On a quand même un gros gros souci avec l’école et particulièrement les écoles en zones dites « prioritaires ». Haha. Prioritaire ? Prioritaires de quoi ? On applique le même régime de dégraissage de mammouth depuis 30 ans, nos profs sont les moins bien payées de l’OCDE, il n’y a plus de thunes pour rien, et surtout pas en « zone prioritaire » de mes deux.

Je ne sais pas si on aurait pu éviter le drame avec une vraie politique sociale bienveillante. Et c’est pas mon travail de le dire en fait. Là je vois juste l’histoire se répéter. On a rien appris, rien compris. Au contraire, on retire des moyens avant de se lamenter de la violence de cette jeunesse sans repère.
Cette jeunesse sans repère se fera broyer par le système d’une manière ou d’une autre. Quel intérêt ?

C’est dans ces moments que je réalise qu’on est vraiment quantité négligeables alors qu’on forme la plus grande partie de la population. On a rien appris de 1789 visiblement.

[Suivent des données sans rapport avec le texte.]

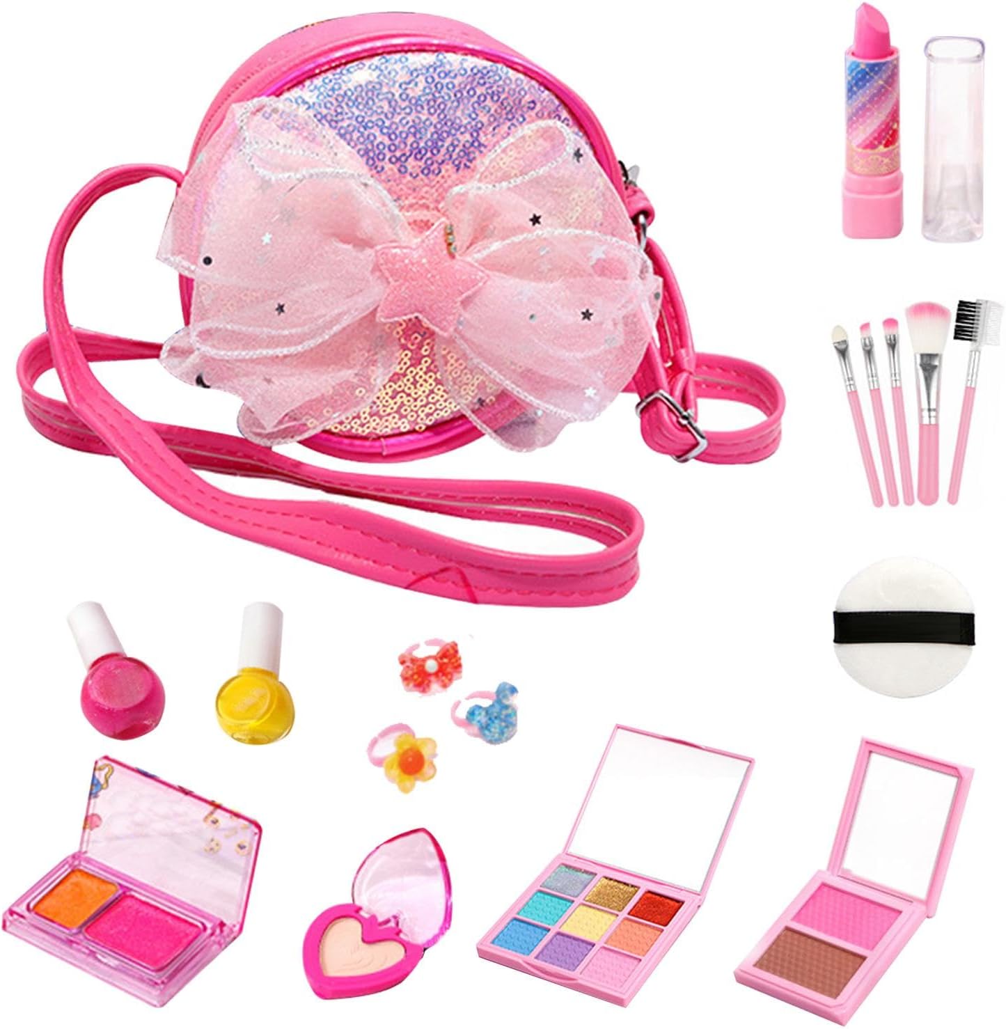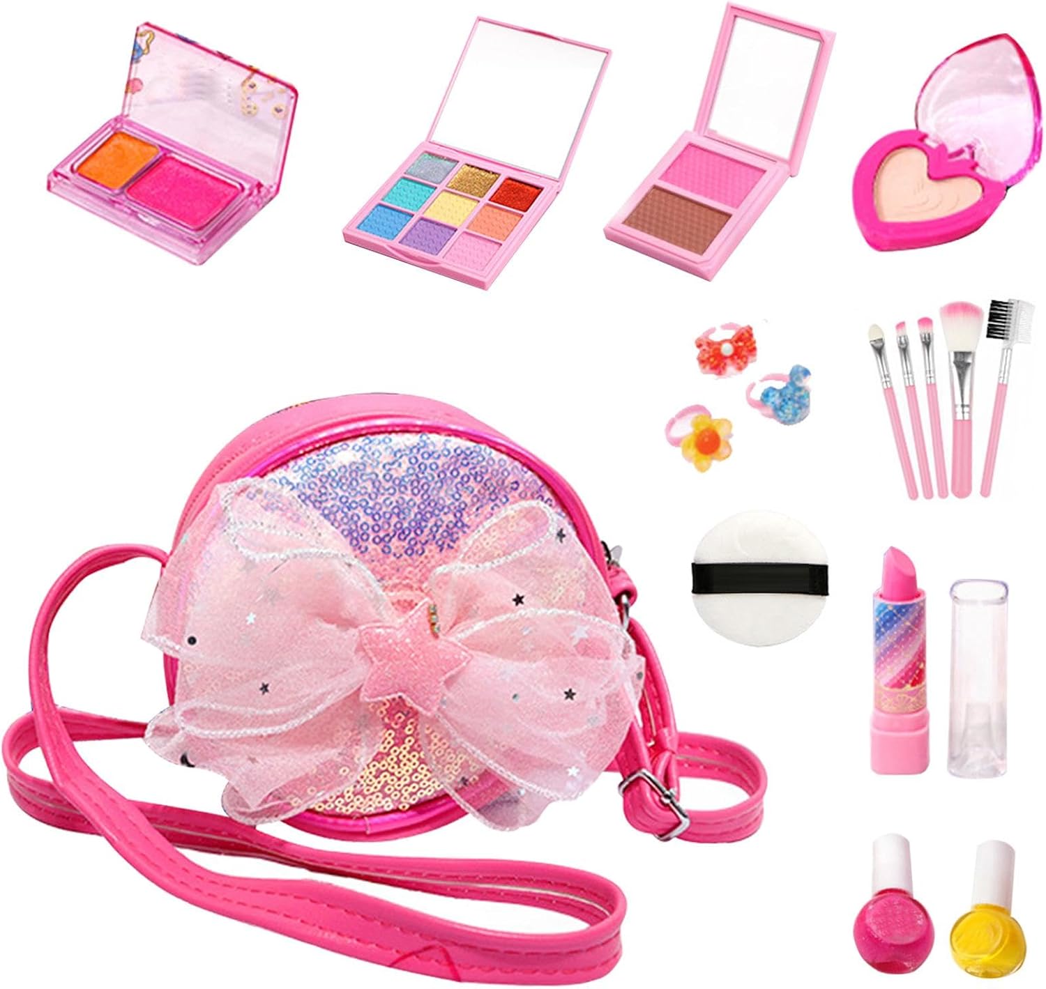 Set ideale per trucco e unghie per bambini: dotato di una borsa per il trucco, questo set offre una varietà di strumenti per il trucco e un set colorato di accessori per unghie che delizierà qualsiasi stilista Trucco a misura di bambino: scegli una bellezza sicura e sostenibile per il tuo bambino con il nostro set per trucco delicato e sicuro per la pelle. Realizzato con materiali sicuri ed ecologici e una formula solubile in acqua, garantisce un gioco creativo senza preoccupazioni e facile da rimuovere. Perfezione portatile: mantieni il trucco della tua piccola stilista organizzato e portatile con il nostro set di trucchi per ragazze. Compatta e versatile, la custodia rigida è dotata di scomparti multipli e di una maniglia per il trasporto per un facile trasporto e una conservazione ordinata. Una soluzione pratica per lo stilista outdoor nella tua vita. Ispira l'immaginazione: il nostro set di trucchi per ragazze per bambini offre un'esperienza di trucco divertente con una varietà di colori per effetti diversi. Incoraggiando l'espressione artistica e stimolando la creatività, tuo figlio potrà godersi ore di gioco fantasioso. Regalo imperdibile: questo set di trucchi per ragazze per bambini è l'aggiunta creativa ideale al gioco. È perfetto come regalo di compleanno unico, stimola l'immaginazione e il divertimento, offre ore di intrattenimento ed è un'idea regalo ideale per varie occasioni
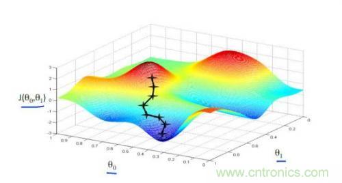 以上我們是以一維數(shù)據(jù)來看梯度下降,但我們的照片是多維數(shù)據(jù),此時(shí)如何求導(dǎo)數(shù)?又如何梯度下降呢?此時(shí)我們需要用到偏導(dǎo)數(shù)的概念。其實(shí)它與導(dǎo)數(shù)很相似,因?yàn)閤是多維向量,那么我們假定計(jì)算Xi的導(dǎo)數(shù)時(shí),x上的其他數(shù)值不變,這就是Xi的偏導(dǎo)數(shù)。此時(shí)應(yīng)用梯度下降法就如下圖所示,θ是二維的,我們分別求θ0和θ1的導(dǎo)數(shù),就可以同時(shí)從θ0和θ1兩個(gè)方向移動(dòng)相應(yīng)的步長(zhǎng),尋找最低點(diǎn),如下圖所示:

La grandeur de la France, c’est des collégiennes qui se font tuer et d’autres collégiens qui vont en prison. Des personnes exilées traitées comme des déchets. Une « politique d’intégration » à la matraque. Une politique sociale cache-mal-misère. Chaque petite perspective est piétinée à coups de rangers. Ta vie, c’est ça, deal with it.

J’excuse rien. C’est horrible d’étrangler sa copine parce qu’elle t’a balancé et qu’elle t’insulte. J’y vois une grande insécurité émotionnelle, plus qu’une violence innée, tragique et prédestinée. Je suis persuadée qu’on aurait pu aider et faire en sorte que cela ne se produise pas.

Je ne sais pas à quoi ressemblera le collège quand mon fils y sera. Il apprend déjà pas mal de choses à la maternelle, niveau bullying et normativité… Il ne comprend pas que tout le monde ne l’aime pas et ça le rend triste. Il a pas les invitations aux anniversaires. Il est « différent » et rentre en ce moment avec le regard dans le vague.

J’ai peur.
J’ai peur pour lui, je ne sais pas comment seront ses années collège. J’ai peur que le système le broie aussi. Comment on peut en arriver là ?

Grâce à la casse de la fonction publique, grâce au néolibéralisme, grâce au racisme. Ouais c’était simple.